I think it tends to shock people because they never see they never expect me to complain about anything because I generally I'm not a complainer. So this I started realizing that I had no appetite and thus I was able to sleep the whole day without getting hungry, which is very awkward for me because I love to make sure I have food in the house even if not for

myself. My friends pop in and out and I love to make sure that if anyone visits me at any time, there's always going to be something to eat because I live so far away from the shops and having to go all the way to the shops or send a rider when you know it's just a lot to think about. Hi, so the first day I did not eat. The next day I realized that I have not spoken to my mother. I called my mom a bunch of times during the day just to ask her even the most mundane stuff about anything.

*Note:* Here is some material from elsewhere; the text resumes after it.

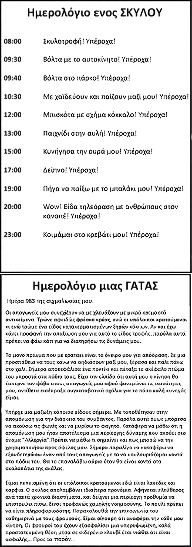 Ο,ΤΙ ΝΑ 'ΝΑΙ #φωτογραφίες Αν ο σκύλος και η γάτα έγραφαν ημερολόγιο Αποκαλύπτοντας τις ενδόμυχες σκέψεις τους 11·01·2014 18:10 1 σχόλια

I call her a million times a day. But this was the second day and I was avoiding her. I did not want to speak to her and deep down in my heart I knew that having to speak to her meant I had to explain what I was feeling because we open up to each other. I open up to her very easily. And at this time, I felt I was feeling a very, very deep sadness. But I just had, I didn't have anywhere to pinpoint where this

sadness was coming from. And thus I did not want to have to explain why I was sad or why I was feeling the way I was feeling because I didn't even have the words to explain what I was feeling. The second day, the third day came. I've not eaten, I've not spoken to anyone. I'm not talking. I have a friend who says if notice Roberta hasn't posted on Instagram I always know something is wrong. He always checks in on me when he realizes he's a colleague of

mine. So he said he always checks on me when I do not post on Instagram because he knows it is very normal for me to post at least once a day. And I realized I hadn't posted for like 3 days. Well I hadn't realized until then but now is when I'm starting to see Oh my goodness I haven't even been online. I don't care to to check what people are doing. I was just staying in bed and sleeping, and I was very depressed. Very, very, very, very deeply

depressed. I know what depression feels like because I've been depressed before. And for me, it always starts to feel like a hole is forming in my chest. A deep dark hole is forming in my chest. And then I start to doubt myself, to hate myself, and something crazy that started running through my mind. I should have given a disclaimer about this episode at the beginning, but here is a disclaimer. If you do not want to listen to

graphic stuff just stop here. I some thoughts started running through my mind and the thoughts were suicidal. Well you see, up to this point I really truly love my life and I really love myself. So even having suicidal thoughts is something that is very deviant from anything I would ever think. I would never kill myself, especially not intentionally. I mean, maybe on accident, but I would never ever, ever kill myself. I absolutely love myself. I love my life, I love being me.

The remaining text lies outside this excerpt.